M. Planer,J. M. Sierchio,for BAE Systems
Abstract:We explore the impact of environmental conditions on the competency of machine learning agents and how real-time competency assessments improve the reliability of ML agents. We learn a representation of conditions which impact the strategies and performance of the ML agent enabling determination of actions the agent can make to maintain operator expectations in the case of a convolutional neural network that leverages visual imagery to aid in the obstacle avoidance task of a simulated self-driving vehicle.
What problem does this paper attempt to address?
This paper attempts to address the issues of performance and reliability of machine learning (ML) systems under different environmental conditions, especially how to evaluate and enhance the competitiveness of ML systems in real - time environments. Specifically, the paper focuses on:
1. **The impact of environmental conditions on the capabilities of machine - learning agents**:
- Machine - learning models (such as random forests, neural networks, etc.) usually lack inherent interpretability, and their outputs do not have a clear expected accuracy estimate.
- ML models often encounter situations beyond their training scope, which may lead to performance degradation or unreliable results.
2. **Real - time competitiveness evaluation to improve the reliability of ML systems**:
- The paper proposes a method to determine what actions an agent can take to maintain the operator's expectations by learning the conditional representations that affect the ML agent's strategy and performance.
- In particular, in the simulated autonomous vehicle obstacle - avoidance task, a convolutional neural network (CNN) is used to utilize visual images for navigation assistance.
### Main research contents
- **Definition and evaluation of competitiveness**:
- **Performance indicators**: For example, when estimating the distance to an obstacle, the mean squared error (MSE) can be used as a performance indicator.
- **Strategy**: This refers to the specific behavior pattern adopted by the ML agent when completing a task. For a CNN, the activation pattern of the input image can be regarded as a behavior, and a collection of similar activation patterns is considered a strategy.
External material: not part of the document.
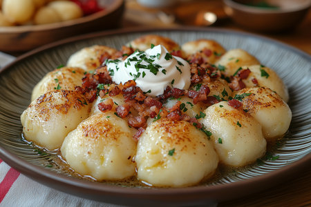 Lithuanian cepelinai - potato dumplings - served on a plate, topped with crispy bacon bits and sour cream, with a traditional tablecloth and natural light

- **Learning and predicting the competitiveness of ML agents**:
- An agent was trained using the AlexNet CNN to be able to recognize the distance to obstacles for collision avoidance assistance. The training data included 80,000 images under different environmental conditions (such as rain, snow, dusk, night) and were generated using the Gazebo simulation environment.
- Topic distributions representing competitiveness - controlling conditions were generated through hierarchical Dirichlet processes (HDPs) to better understand the impact of environmental conditions on the performance of ML agents.
- **Evaluating the performance of the competitiveness - aware system**:
- **Coverage**: Measures the ability of the CAML system to correctly identify competitiveness - controlling conditions. Experimental results show that the coverage rate reached more than 95%.
- **Correctness**: Reports the proportion of correct CAML prediction strategies. When estimating a single strategy, the correct rate is 90%, and when considering the internal variability of the ML agent, the correct rate rises to 100%.
- **Fidelity**: Verifies whether a given estimate falls within the expected performance range. When evaluated using complex conditions derived from HDPs, the fidelity score reached 99%.
- **Reliability**: Measures the frequency with which the ML agent meets or exceeds the requirements defined by the operator. For example, in sunny conditions, 99% of obstacles must be detected in a timely manner to avoid collisions.
### Conclusion
The research in this paper aims to improve the reliability and performance of ML agents under different environmental conditions by real - time evaluation of their competitiveness. This method not only helps to improve the reliability of existing ML systems but can also be extended to other complex ML tasks, such as deep reinforcement learning and drone swarm control.